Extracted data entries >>
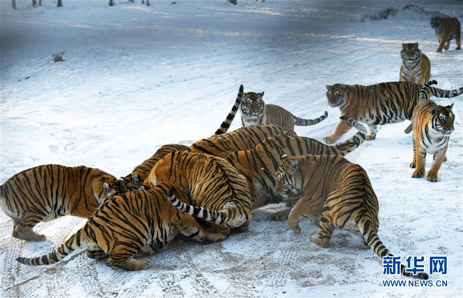 在橫道河子東北虎林園散放區,一群東北虎在搶食投放的活雞(11月21日攝)。新華社記者王建威攝
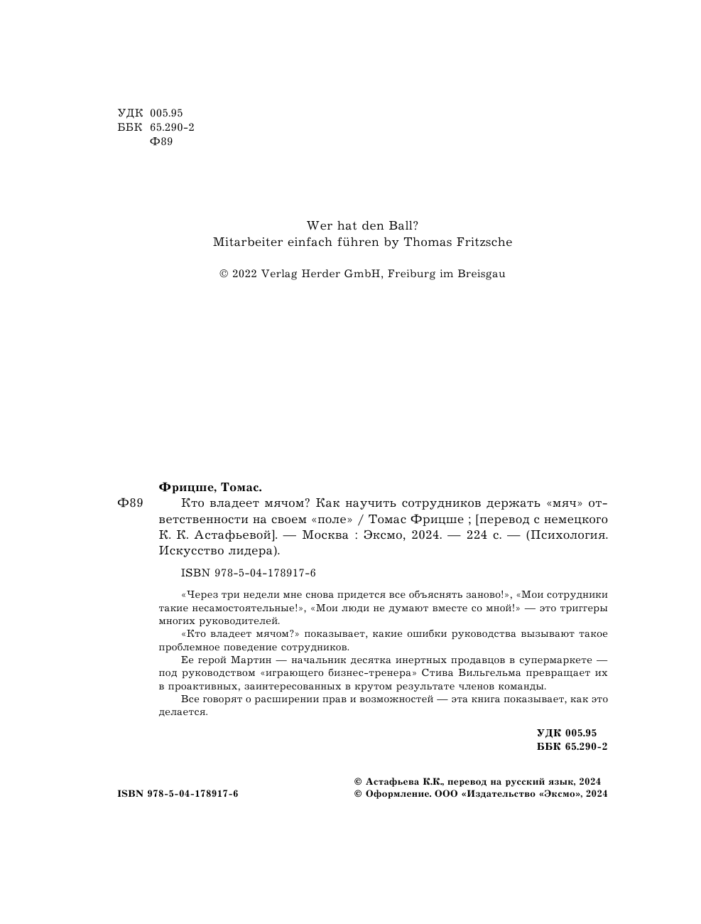 Кто владеет мячом? Как научить сотрудников держать «мяч» ответственности на своем «поле» (Фрицше Томас); ООО "Издательство "Эксмо", 2023
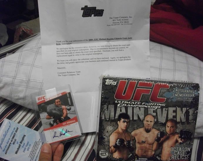 So if you saw my thread a couple weeks ago i bought my first box of rd 2 and pulled a michael bisping Ultimate Gear auto relic redemption card.. I knew i wasnt gonna get it since he didnt sign his autos, but was more than curious to see what they were gonna send me as a replacement.. (Cool, im not a bisping fan anyway) They sent it pretty fast, UPS delivered a box today.. I'm pretty damn happy with what they sent me!
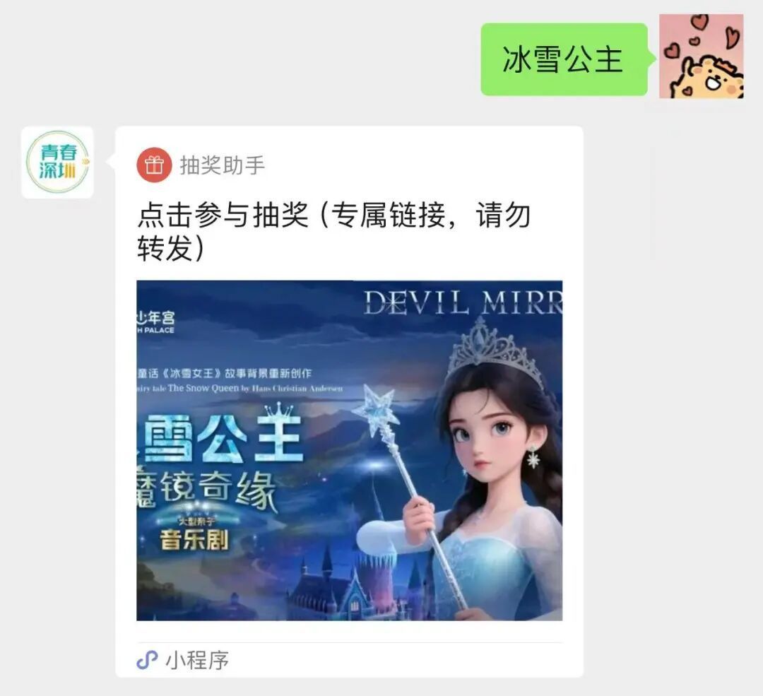 2.在“青春深圳”微信公众号对话框,回复关键词:“冰雪公主”即可参与抽奖活动。
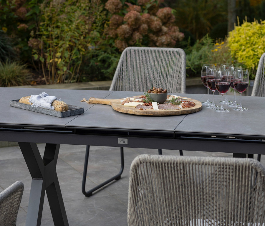 - Tischplatte hellgrau. Beine und Gestell anthrazit

Work instructions >>
With the pictures left out, output the lines from the one containing "Кто владеет мячом?" through the last line of the records above, exactly as they are.

Response to the task >>
 Кто владеет мячом? Как научить сотрудников держать «мяч» ответственности на своем «поле» (Фрицше Томас); ООО "Издательство "Эксмо", 2023
 So if you saw my thread a couple weeks ago i bought my first box of rd 2 and pulled a michael bisping Ultimate Gear auto relic redemption card.. I knew i wasnt gonna get it since he didnt sign his autos, but was more than curious to see what they were gonna send me as a replacement.. (Cool, im not a bisping fan anyway) They sent it pretty fast, UPS delivered a box today.. I'm pretty damn happy with what they sent me!
 2.在“青春深圳”微信公众号对话框,回复关键词:“冰雪公主”即可参与抽奖活动。
 - Tischplatte hellgrau. Beine und Gestell anthrazit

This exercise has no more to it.